### Data listing
______

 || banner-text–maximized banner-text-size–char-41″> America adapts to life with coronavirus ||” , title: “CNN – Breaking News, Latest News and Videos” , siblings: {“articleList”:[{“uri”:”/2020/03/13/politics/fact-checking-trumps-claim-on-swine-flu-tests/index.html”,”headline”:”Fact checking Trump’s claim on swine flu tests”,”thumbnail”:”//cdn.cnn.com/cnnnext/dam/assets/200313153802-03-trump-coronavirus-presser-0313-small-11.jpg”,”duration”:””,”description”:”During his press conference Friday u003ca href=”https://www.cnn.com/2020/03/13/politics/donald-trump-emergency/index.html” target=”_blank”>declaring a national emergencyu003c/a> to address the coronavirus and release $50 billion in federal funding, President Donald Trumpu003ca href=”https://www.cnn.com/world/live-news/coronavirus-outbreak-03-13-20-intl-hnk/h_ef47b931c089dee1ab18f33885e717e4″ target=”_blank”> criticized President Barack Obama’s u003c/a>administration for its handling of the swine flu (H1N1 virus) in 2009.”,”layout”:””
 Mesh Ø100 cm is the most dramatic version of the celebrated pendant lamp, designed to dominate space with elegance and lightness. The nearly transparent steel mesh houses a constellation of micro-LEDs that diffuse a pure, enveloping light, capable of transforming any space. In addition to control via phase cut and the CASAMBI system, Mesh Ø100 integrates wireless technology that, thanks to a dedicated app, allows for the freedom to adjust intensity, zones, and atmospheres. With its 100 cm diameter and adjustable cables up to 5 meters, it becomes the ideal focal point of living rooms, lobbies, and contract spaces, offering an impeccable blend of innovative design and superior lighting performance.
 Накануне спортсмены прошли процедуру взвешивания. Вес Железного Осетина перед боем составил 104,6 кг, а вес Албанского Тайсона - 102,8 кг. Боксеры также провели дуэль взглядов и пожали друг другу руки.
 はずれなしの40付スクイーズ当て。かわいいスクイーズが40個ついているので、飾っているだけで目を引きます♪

______

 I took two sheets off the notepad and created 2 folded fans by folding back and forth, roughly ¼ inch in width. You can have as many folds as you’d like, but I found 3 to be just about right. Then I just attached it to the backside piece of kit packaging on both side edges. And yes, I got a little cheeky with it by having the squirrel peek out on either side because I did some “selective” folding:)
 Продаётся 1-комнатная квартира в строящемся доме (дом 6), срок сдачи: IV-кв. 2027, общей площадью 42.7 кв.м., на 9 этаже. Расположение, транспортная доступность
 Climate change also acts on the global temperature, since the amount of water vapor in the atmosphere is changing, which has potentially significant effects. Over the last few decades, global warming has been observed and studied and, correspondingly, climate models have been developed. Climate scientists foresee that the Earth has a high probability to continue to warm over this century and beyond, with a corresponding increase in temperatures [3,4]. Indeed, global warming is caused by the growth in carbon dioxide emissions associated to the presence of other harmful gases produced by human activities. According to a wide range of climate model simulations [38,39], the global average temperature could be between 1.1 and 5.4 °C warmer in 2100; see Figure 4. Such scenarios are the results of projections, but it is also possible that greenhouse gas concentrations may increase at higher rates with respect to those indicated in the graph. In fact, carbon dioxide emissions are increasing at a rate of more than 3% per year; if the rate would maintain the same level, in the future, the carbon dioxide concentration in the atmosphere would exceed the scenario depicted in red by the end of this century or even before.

______

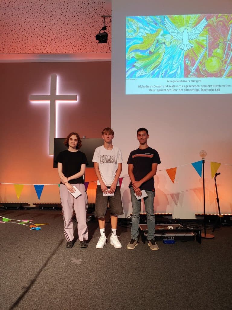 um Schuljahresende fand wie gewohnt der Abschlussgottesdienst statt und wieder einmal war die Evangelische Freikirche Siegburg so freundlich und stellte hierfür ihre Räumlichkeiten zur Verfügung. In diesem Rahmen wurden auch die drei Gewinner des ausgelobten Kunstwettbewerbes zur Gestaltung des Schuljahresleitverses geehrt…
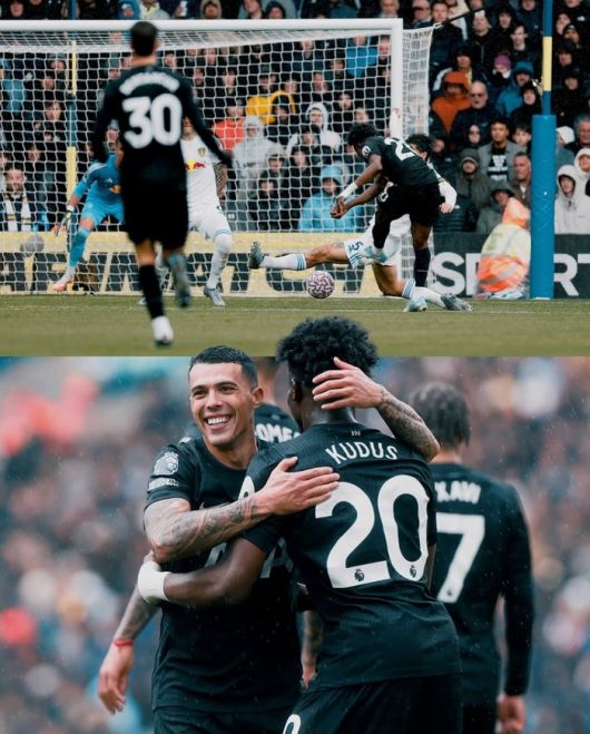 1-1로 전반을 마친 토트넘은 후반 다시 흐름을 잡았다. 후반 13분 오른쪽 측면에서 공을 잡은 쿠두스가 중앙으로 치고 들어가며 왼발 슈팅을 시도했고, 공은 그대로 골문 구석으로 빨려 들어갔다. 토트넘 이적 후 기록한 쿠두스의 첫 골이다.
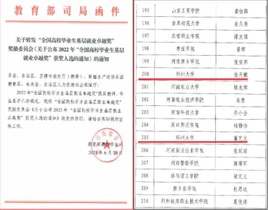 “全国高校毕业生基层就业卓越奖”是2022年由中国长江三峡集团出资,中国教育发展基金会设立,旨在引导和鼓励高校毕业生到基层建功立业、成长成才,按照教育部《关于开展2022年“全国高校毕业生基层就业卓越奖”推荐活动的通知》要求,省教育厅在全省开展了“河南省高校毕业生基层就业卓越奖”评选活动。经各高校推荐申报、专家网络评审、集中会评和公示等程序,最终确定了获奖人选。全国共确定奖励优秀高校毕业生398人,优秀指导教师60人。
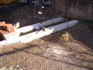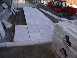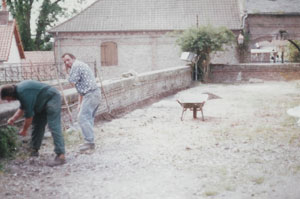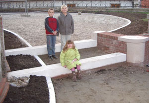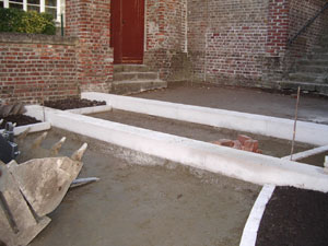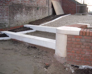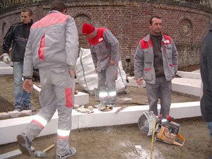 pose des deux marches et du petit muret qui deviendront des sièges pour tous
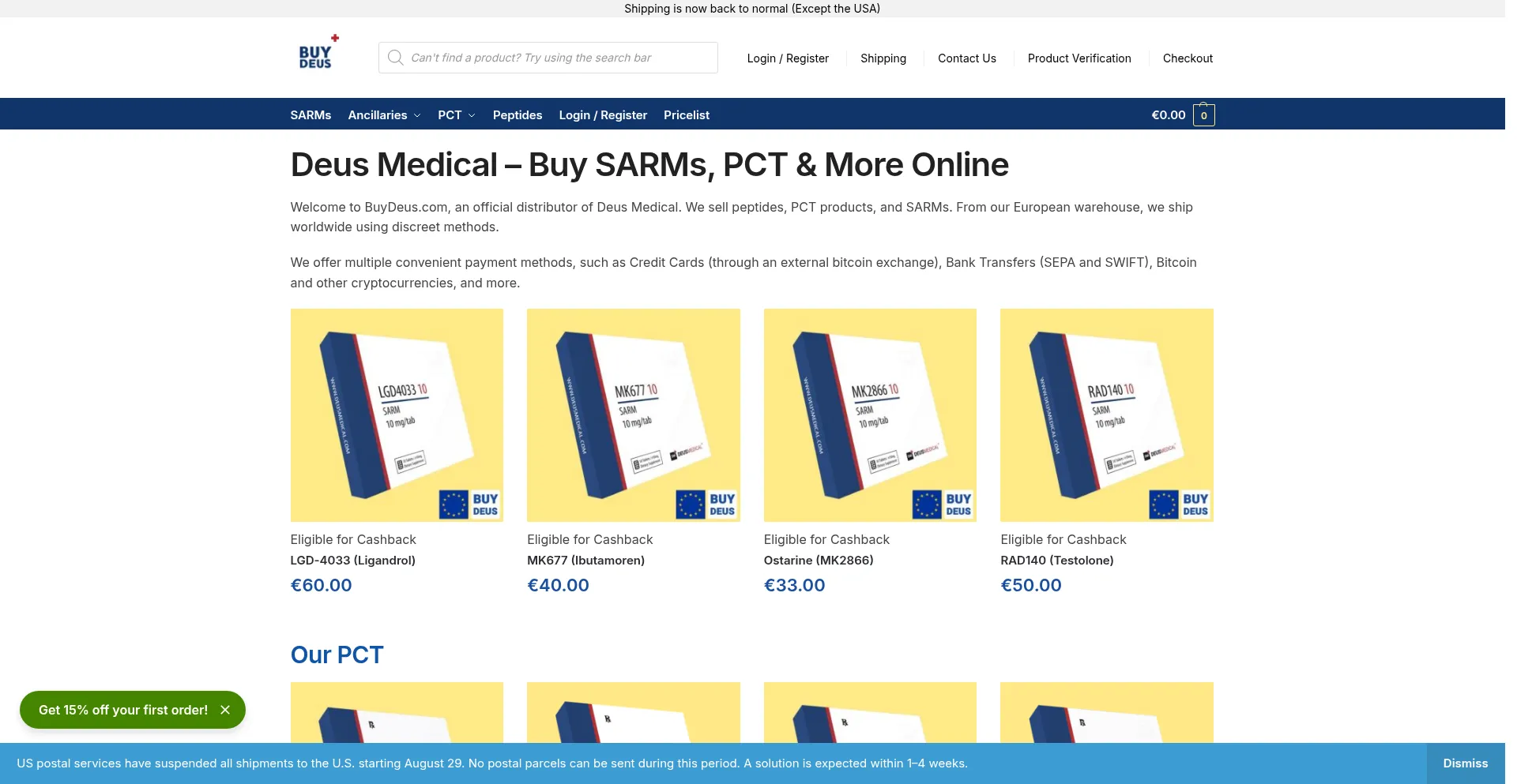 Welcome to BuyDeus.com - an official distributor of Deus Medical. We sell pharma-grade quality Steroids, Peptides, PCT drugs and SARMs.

______

### Instructions to follow
Output the lines of the records above exactly as they appear, from the line containing "Накануне спортсмены прошли" through the line containing "はずれなしの40付スクイーズ".

### Written response
 Накануне спортсмены прошли процедуру взвешивания. Вес Железного Осетина перед боем составил 104,6 кг, а вес Албанского Тайсона - 102,8 кг. Боксеры также провели дуэль взглядов и пожали друг другу руки.
 はずれなしの40付スクイーズ当て。かわいいスクイーズが40個ついているので、飾っているだけで目を引きます♪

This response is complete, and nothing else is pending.